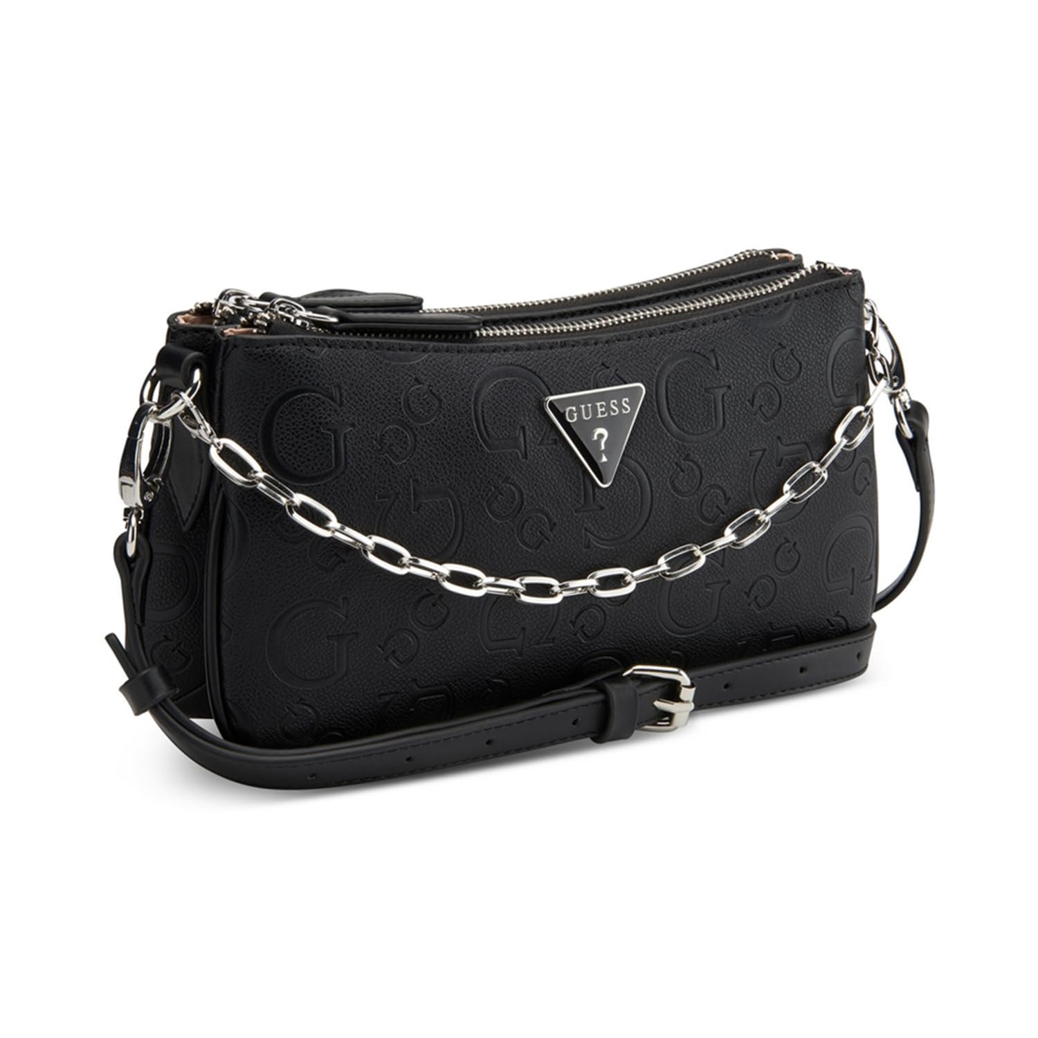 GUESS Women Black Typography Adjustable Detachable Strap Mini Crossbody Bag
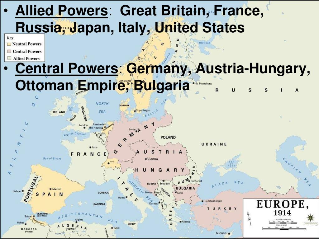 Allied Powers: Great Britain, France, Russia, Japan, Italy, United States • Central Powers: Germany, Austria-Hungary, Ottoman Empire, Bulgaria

# # # #

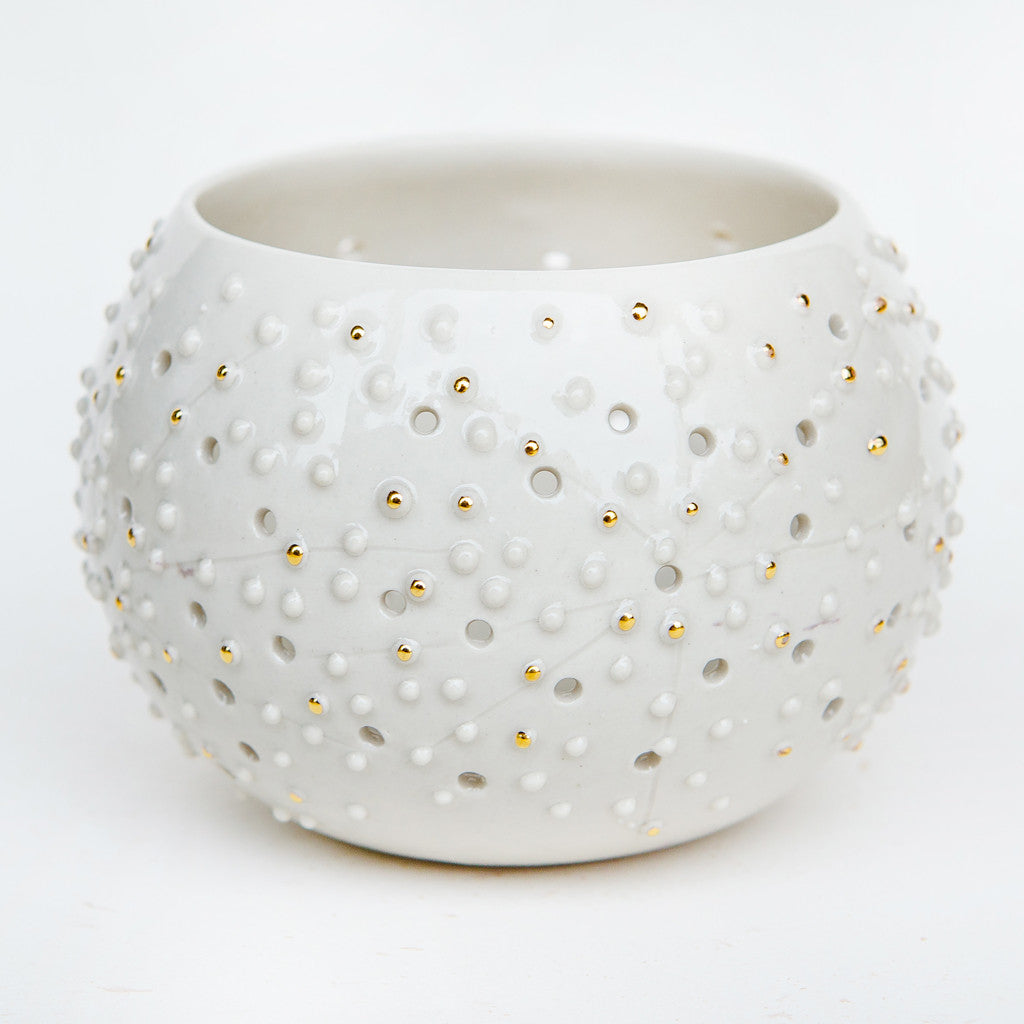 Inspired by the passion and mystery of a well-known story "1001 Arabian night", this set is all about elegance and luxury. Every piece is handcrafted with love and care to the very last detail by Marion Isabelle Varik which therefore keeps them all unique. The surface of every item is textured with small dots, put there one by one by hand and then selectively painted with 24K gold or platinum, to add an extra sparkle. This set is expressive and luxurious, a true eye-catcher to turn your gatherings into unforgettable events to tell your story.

# # # #

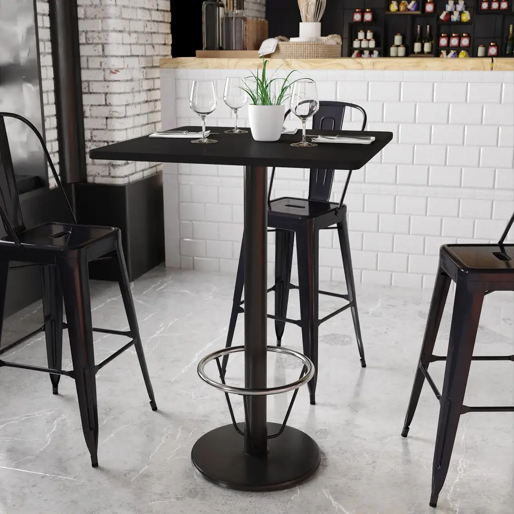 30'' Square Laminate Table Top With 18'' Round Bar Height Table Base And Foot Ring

# # # #

> [Instructions for the task] Starting at the line above that holds "GUESS Women Black", repeat every line exactly down to and including the line that holds "Allied Powers: Great", then stop. Do not carry over any pictures.

> [Solution to the problem]
 GUESS Women Black Typography Adjustable Detachable Strap Mini Crossbody Bag
 Allied Powers: Great Britain, France, Russia, Japan, Italy, United States • Central Powers: Germany, Austria-Hungary, Ottoman Empire, Bulgaria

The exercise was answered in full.